I hope it’s not poor form to ask about an iron woodstove; you guyz know a lot about refractories, and that’s what I need to know.
My small steel woodstove is lined with lightweight insulating firebrick (2.2 lb per brick, IIRC). It has a smokeshelf of the same firebrick, and secondary air right under the smokeshelf at front and rear of the firebox. I’m learning to cook on and in it, both so I can eat when the power goes out, and because it’s fun. I wish the flue was at a rear corner, insead of the back middle: there isn’t room on the top for decent size pots and pans. But it works great as a barbeque.

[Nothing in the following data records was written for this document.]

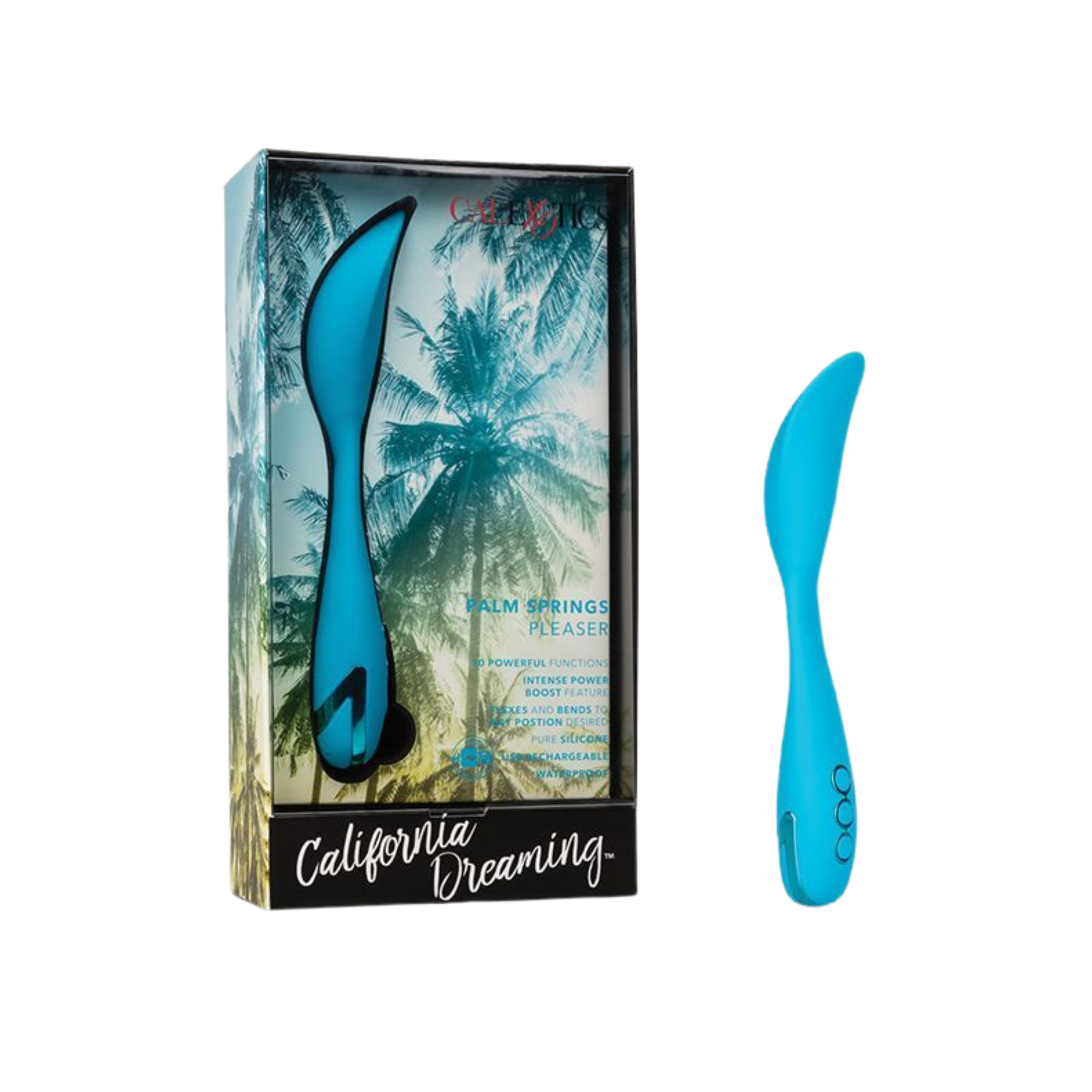 Indulge in waves of pleasure as the California Dreaming™ Palm Springs Pleaser moves you in all the right ways. The intimately contoured vibe is as thrilling as it is versatile with a flexible body, multi-directional positioning and 10 indulgent vibration functions. To push you over the edge, the petite vibe has a knee-shaking Power Boost function for instant maximum vibrations. The 100% play area, waterproof seal and unique flexibility allow you to use this toy as a discreet panty teaser for pleasure on-the-go or a sensual mini vibe for in and out of the water. The easy-touch 2-button control lets you cycle through the knee-shaking settings or use the secure travel lock feature to let your passion takes you. Recharge the premium silicone teaser in 2.5 hours with the provided USB charging cable to enjoy 30 minutes of high-speed stimulation or 75 minutes of low speed vibrations. While the easy-touch button controls the intensity and the vibe gives you the stimulation you want, the pliable body holds any position you desire. The self-sealing charging port and virtually seamless body let you get steamy with this waterproof mini vibe. The hypoallergenic premium silicone is body safe, unscented and phthalate free to keep you most sensitive spots, happy and healthy. To ensure you keep buzzing with pleasure, this mini vibrator has a one-year limited warranty.
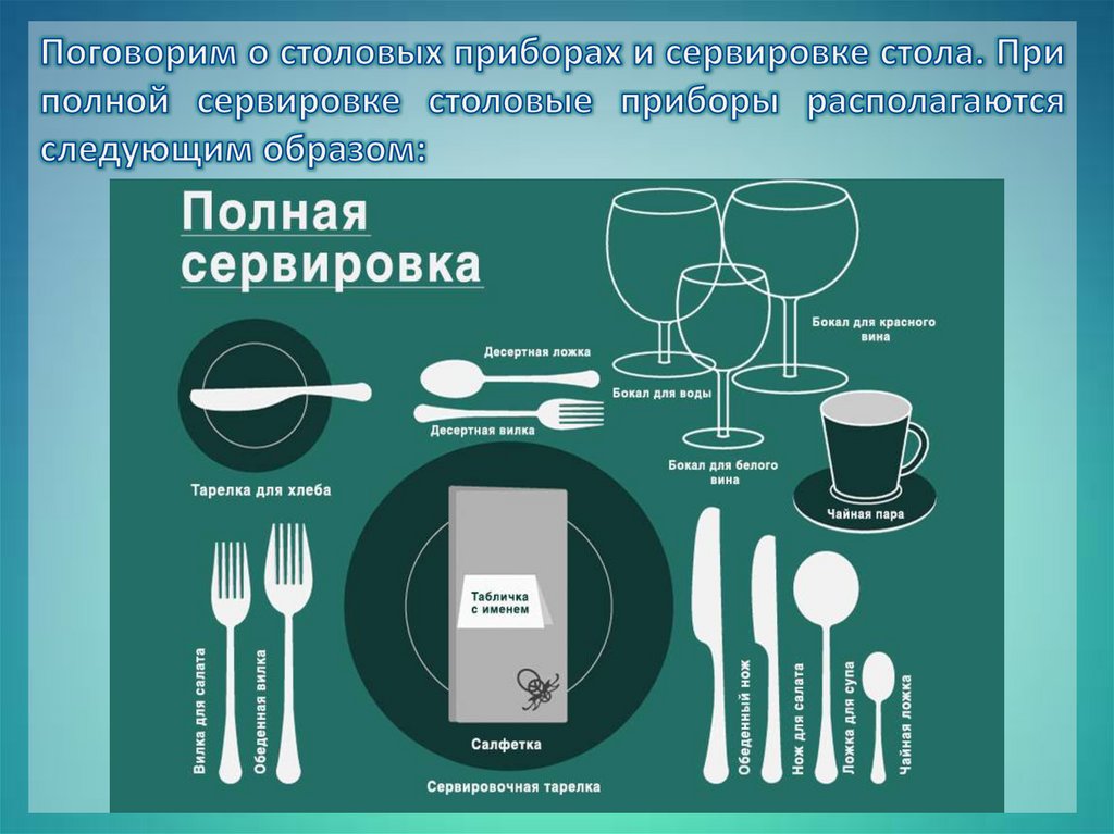 Столовый этикет. Правила поведения за столом. Сервировка стола
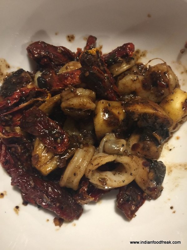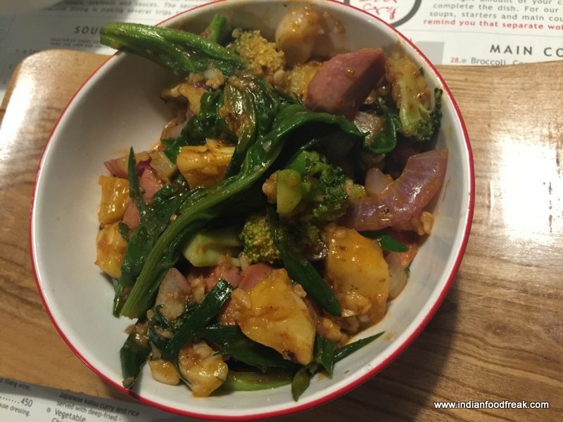 IMG_8778I chose the the Thai Style Tom Yum Phak.(INR 220)..moderately spicy with mushrooms and tofu with a sprinkling of spring onion; pretty good. My son’s Lemon Coriander Soup (INR 200) had a very strong lemon grass taste and was thick with the addition of coconut milk; not bad, but being loaded with vegetables made it rather filling; would have worked better if it was a tad lighter and had less vegetables in it.
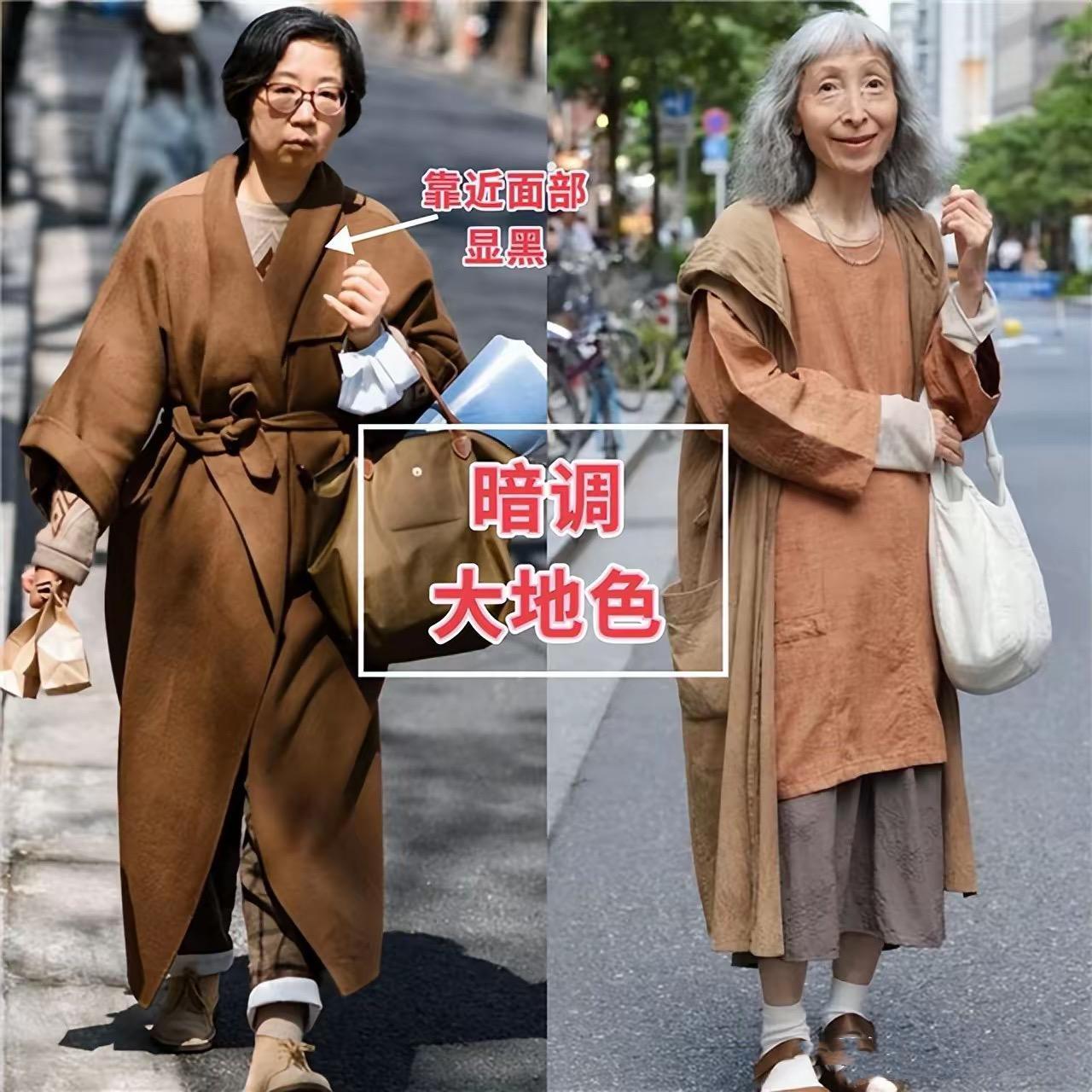 比如暗色調的大地色,就特別顯老顯黑。如果是一身秋冬色系的話,顯得整個人膚色都暗淡無光、精氣神也不夠好。
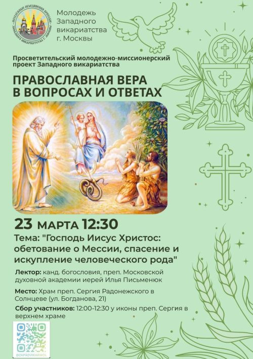 Вторая встреча просветительского молодежно-миссионерского проекта Западного викариатства г. Москвы «Православная вера в вопросах и ответах» состоится в храме преподобного Сергия Радонежского в Солнцеве (ул. Богданова, 21).
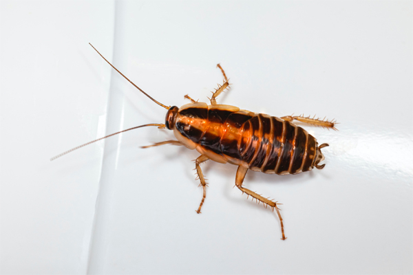 Megjelenése: A 35-40 mm nagyságú, vöröses-barna színű. Sötét színű petetokban 16-28 pete található. A nőstény a petetokot általában 1 napig hordja, majd biztonságos helyen elhullatja. Élettartama 1 év. Igen melegigényes, nedves helyeket kedveli. Az egyetlen faj, amely szárnyait repülésre használja. A helyiségekben inkább a padlószinthez közel helyezkedik el, esetleg a lefolyókban, csatornákban tartózkodik.
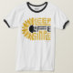 Esta camiseta con forma de jengibre incluye las palabras "Keep Life Simple" en una letra impresa única con letras negras y amarillas con un girasol negro/amarillo a la izquierda en esta cita de la vida de AMMO Apparel USA estilo y tema. Esta camisa tiene un aspecto de inspiración vintage, con esposas contrastantes y un escote para un aspecto deportivo pero casual.
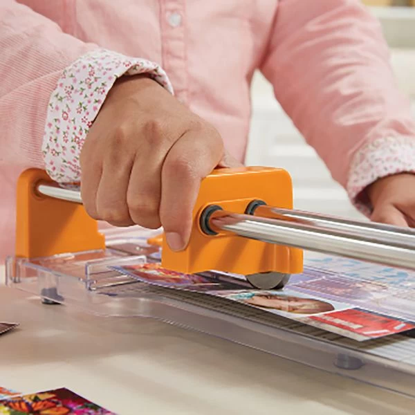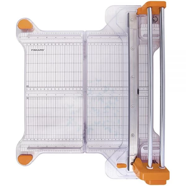 ProCision Rotary Bypass Trimmer 12″ – Perfect for mixed media projects! The self-sharpening blade never needs replacing. Cut through chipboard, cork, burlap paper, vinyl, foam and layers of cardstock. This package contains one precision rotary bypass trimmer with a paper guard, a rotary bypass blade carriage, measurements in metric/inch measurements, an expanded grid by 2-1/2 inches, rubberized feet, a paper guard lock, a permanent grid and a folding deck for easier storage. Measures approximately 14-1/2×19- 1/2×4 inches when folded out to full length. Do not carry from cutting bar (will bend over time). Imported.
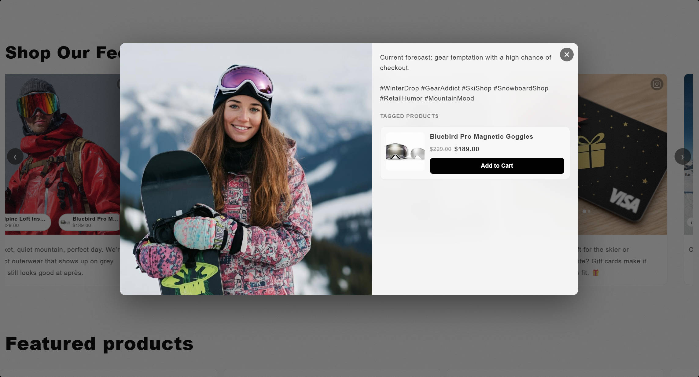 Connect your Instagram or TikTok business account. Tag products directly to posts and videos. Embed a shoppable feed anywhere on your store.

I’d like it to work as an oven, but the lightweight firebrick doesn’t hold enough heat long enough. I grok that it keeps the heat in the firebox, and that helps make the burn cleaner. If I were to replace the firebrick with soapstone, the burn would probably not be quite as clean innitially; do you suppose it would clean up as the soapstone came up to temperature?
I think the soapstone I have is 1.25" thick, same as the existing firebrick. If it’s ~2.2 times as heavy, shouldn’t it hold ~2.2 times as much heat? Do you guyz think it wold hold enough heat long enough to bake bread or, say, roast a chicken? Maybe if there are still hot coals in the bottom when the food goes in?
The existing firebrick slows conduction of heat out through the walls of the stove, which slows the stove’s initial warning of the house, and sends more heat up the insulated chimney. I would think that soapstone would conduct heat out into the house faster, being more conductive. Initially that’d be nice, when I want to warm the house in a hurry, but this house is small and decently insulated, and it’s easy to overheat it. Both to ease that and to make a second heat shield between the stove and the lath-and-plaster wall, I mean to surround it on three sides with red brick, glued together with high-temp (good for something over 500 F) silicon caulk, 1/2 inch out from the steel stove walls. I’ll air seal the two front sides with fiberglass stove gasket rope, and leave the top brick all the way around lose so I can move it in to (mostly) stop airflow, or out to allow convection to add heat to the house faster. That’s only going to be maybe 360 pounds of brick, but if it will slow heat transfer into the house, and hold heat for an hour or two after the fire is out, i think it will help.
Anybody see anything wrong with this plan? And do you think I’ll at least be able to bake bread? I can add a couple of 2.5 x 4.5 x 9" heavy dense firebrick to both ends, maybe double up on some of the soapstone. Do any of you have any experience turning a small wodstove into an oven?